Loudness, K-weighted, relative to full scale (LKFS) is a standard loudness measurement unit used for audio normalization in broadcast television systems and other video and music streaming services.

LKFS is standardized in ITU-R BS.1770. In March 2011, the International Telecommunication Union (ITU) introduced a loudness gate in the second revision of the recommendation, ITU-R BS.1770-2. In August 2012, the ITU released the third revision of this recommendation ITU-R BS.1770-3. In October 2015, the ITU released the fourth revision of this recommendation ITU-R BS.1770-4.

Loudness units relative to full scale (LUFS) is a synonym for LKFS that was introduced in EBU R 128. 
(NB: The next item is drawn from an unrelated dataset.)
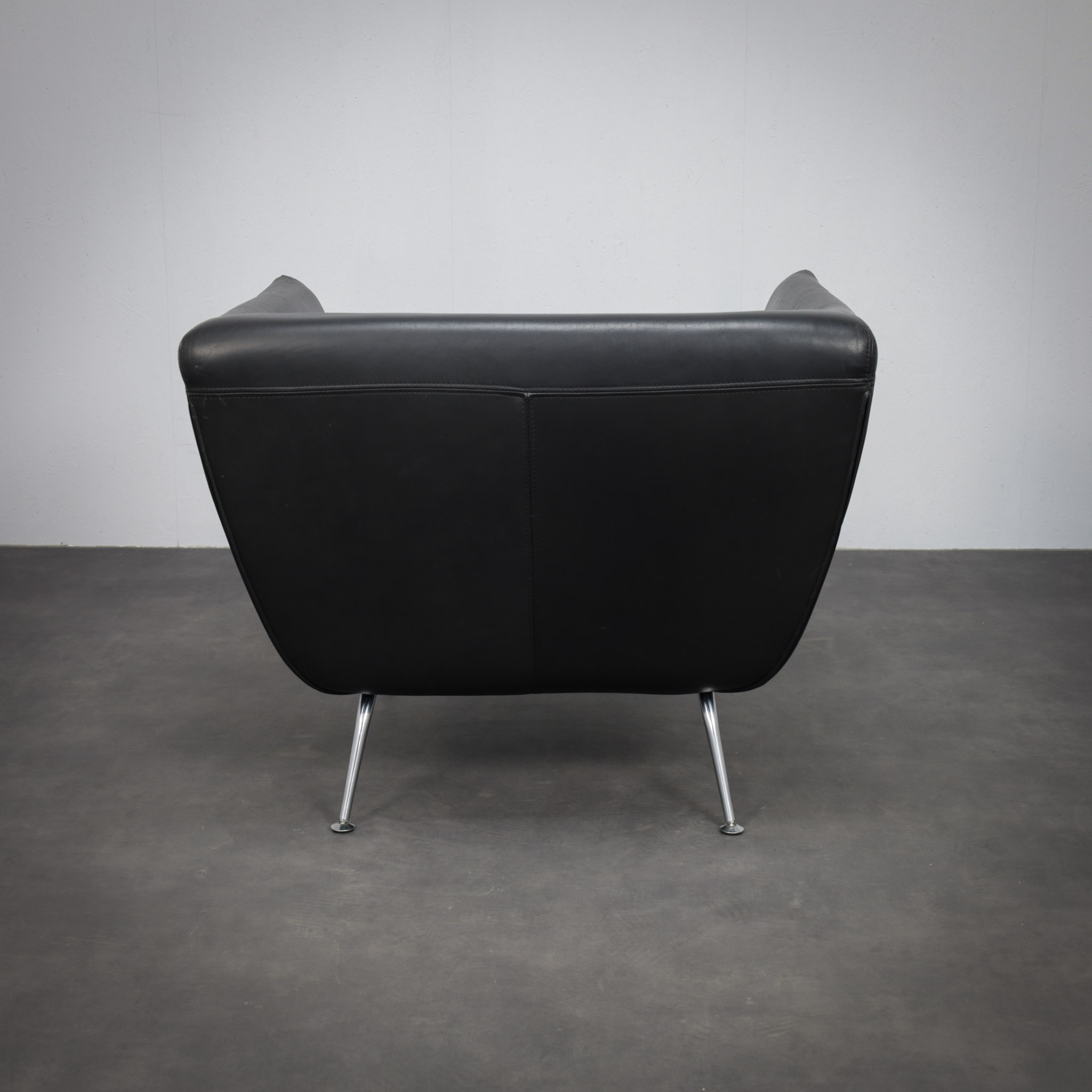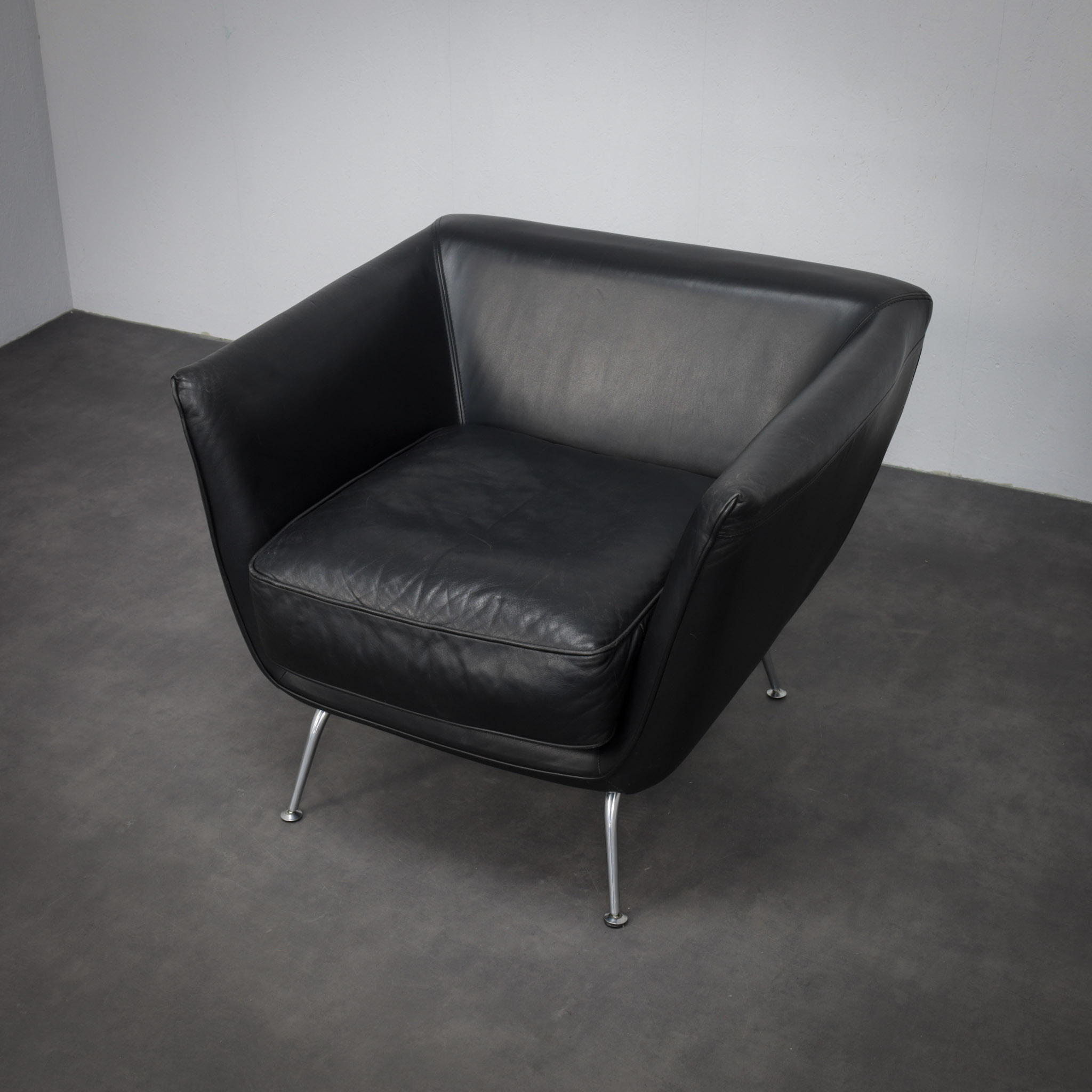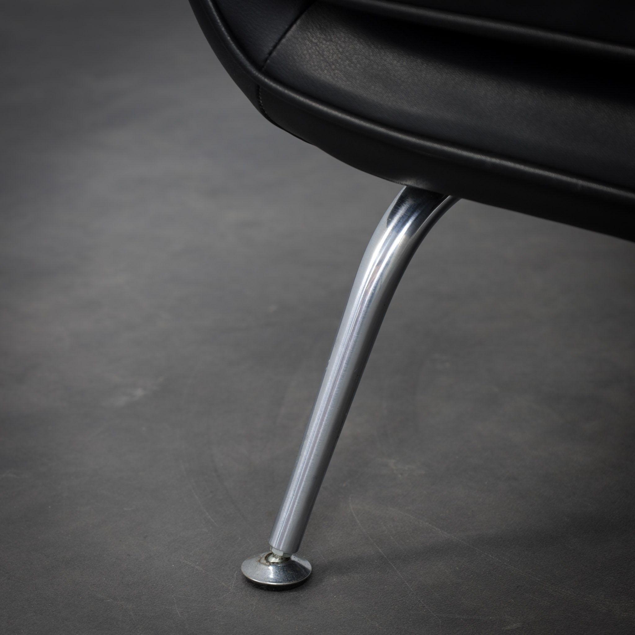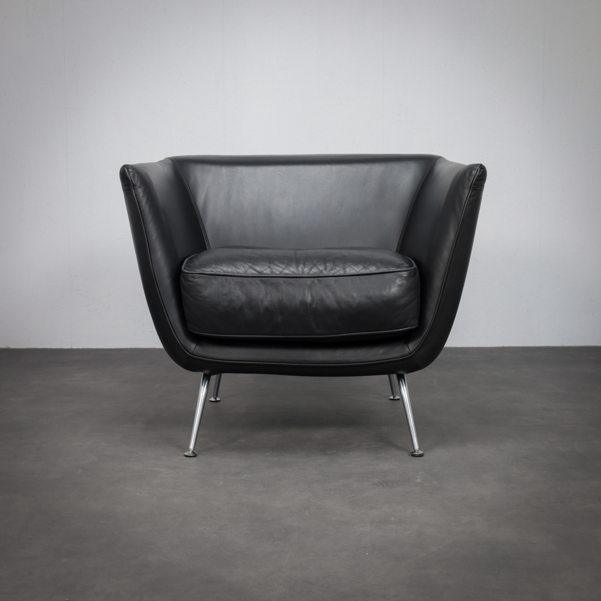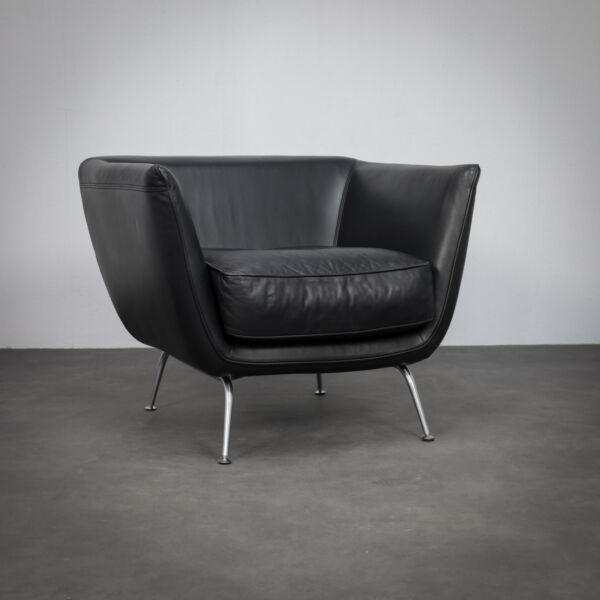 A refined and understated lounge chair by Dutch designer Stefan Steenkist, produced by Young International in the 1990s. The design is defined by its quiet confidence—where soft, generous volumes are held in balance by a slender, architectural metal frame.

The EBU has suggested that the ITU should change the unit to LUFS, as LKFS does not comply with scientific naming conventions and is not in line with the standard set out in ISO 80000-8. Furthermore, they suggest the symbol for loudness level, k-weighted should be Lk, which would make Lk and LUFS equivalent when LUFS indicates the value of Lk with reference to digital full scale.

LKFS and LUFS are identical in that they are both measured in absolute scale and both equal to one decibel (dB).

Loudness units (LU) is an additional unit used in EBU R128. It describes Lk without direct absolute reference and therefore describes loudness level differences.